══ AVAILABLE DATA ══

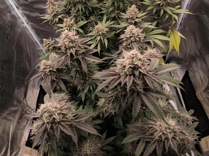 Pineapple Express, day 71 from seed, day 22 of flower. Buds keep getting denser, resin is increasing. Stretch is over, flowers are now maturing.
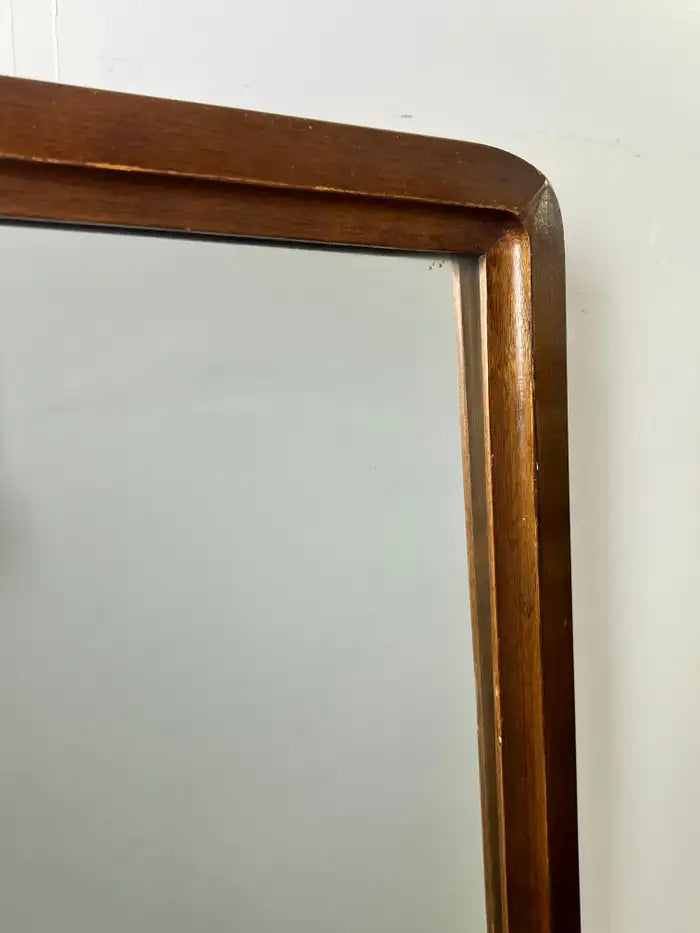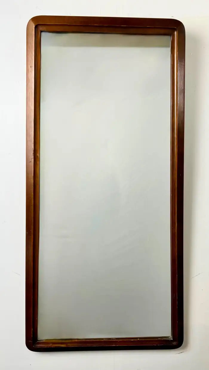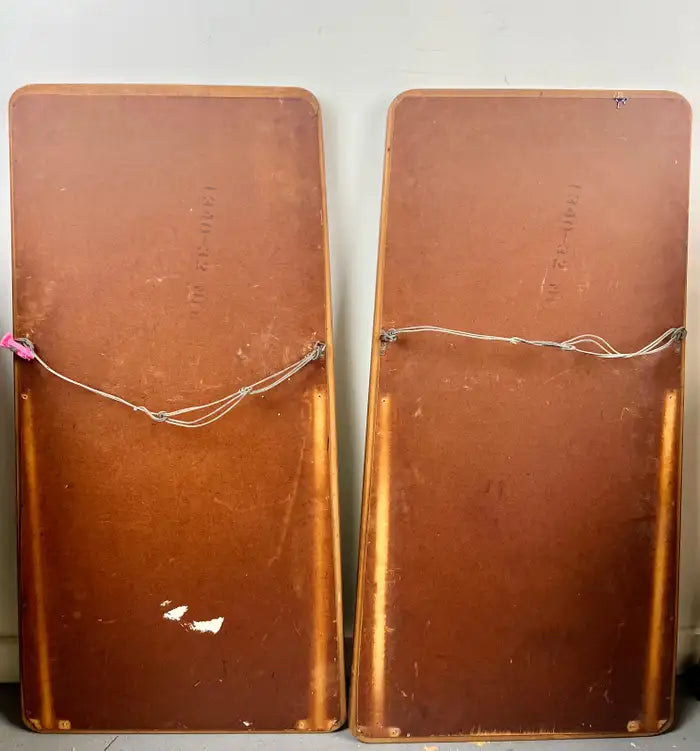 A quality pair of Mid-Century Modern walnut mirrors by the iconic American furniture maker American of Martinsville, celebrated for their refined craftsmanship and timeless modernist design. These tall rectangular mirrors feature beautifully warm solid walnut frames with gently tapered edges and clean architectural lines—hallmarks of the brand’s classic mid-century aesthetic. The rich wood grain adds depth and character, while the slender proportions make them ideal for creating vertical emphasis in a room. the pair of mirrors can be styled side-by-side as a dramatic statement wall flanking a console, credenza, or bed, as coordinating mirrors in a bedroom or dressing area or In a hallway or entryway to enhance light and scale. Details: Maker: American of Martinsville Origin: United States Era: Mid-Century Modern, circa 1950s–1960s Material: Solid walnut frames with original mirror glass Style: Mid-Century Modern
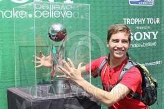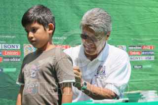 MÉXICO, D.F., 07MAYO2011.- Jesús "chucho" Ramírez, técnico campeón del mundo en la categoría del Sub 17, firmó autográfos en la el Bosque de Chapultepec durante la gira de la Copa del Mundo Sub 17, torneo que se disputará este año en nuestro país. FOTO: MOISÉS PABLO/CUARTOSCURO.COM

═══

TASK DETAILS: With the pictures removed, return the listing above in its exact original wording.

YOUR SOLUTION:
 Pineapple Express, day 71 from seed, day 22 of flower. Buds keep getting denser, resin is increasing. Stretch is over, flowers are now maturing.
 A quality pair of Mid-Century Modern walnut mirrors by the iconic American furniture maker American of Martinsville, celebrated for their refined craftsmanship and timeless modernist design. These tall rectangular mirrors feature beautifully warm solid walnut frames with gently tapered edges and clean architectural lines—hallmarks of the brand’s classic mid-century aesthetic. The rich wood grain adds depth and character, while the slender proportions make them ideal for creating vertical emphasis in a room. the pair of mirrors can be styled side-by-side as a dramatic statement wall flanking a console, credenza, or bed, as coordinating mirrors in a bedroom or dressing area or In a hallway or entryway to enhance light and scale. Details: Maker: American of Martinsville Origin: United States Era: Mid-Century Modern, circa 1950s–1960s Material: Solid walnut frames with original mirror glass Style: Mid-Century Modern
 MÉXICO, D.F., 07MAYO2011.- Jesús "chucho" Ramírez, técnico campeón del mundo en la categoría del Sub 17, firmó autográfos en la el Bosque de Chapultepec durante la gira de la Copa del Mundo Sub 17, torneo que se disputará este año en nuestro país. FOTO: MOISÉS PABLO/CUARTOSCURO.COM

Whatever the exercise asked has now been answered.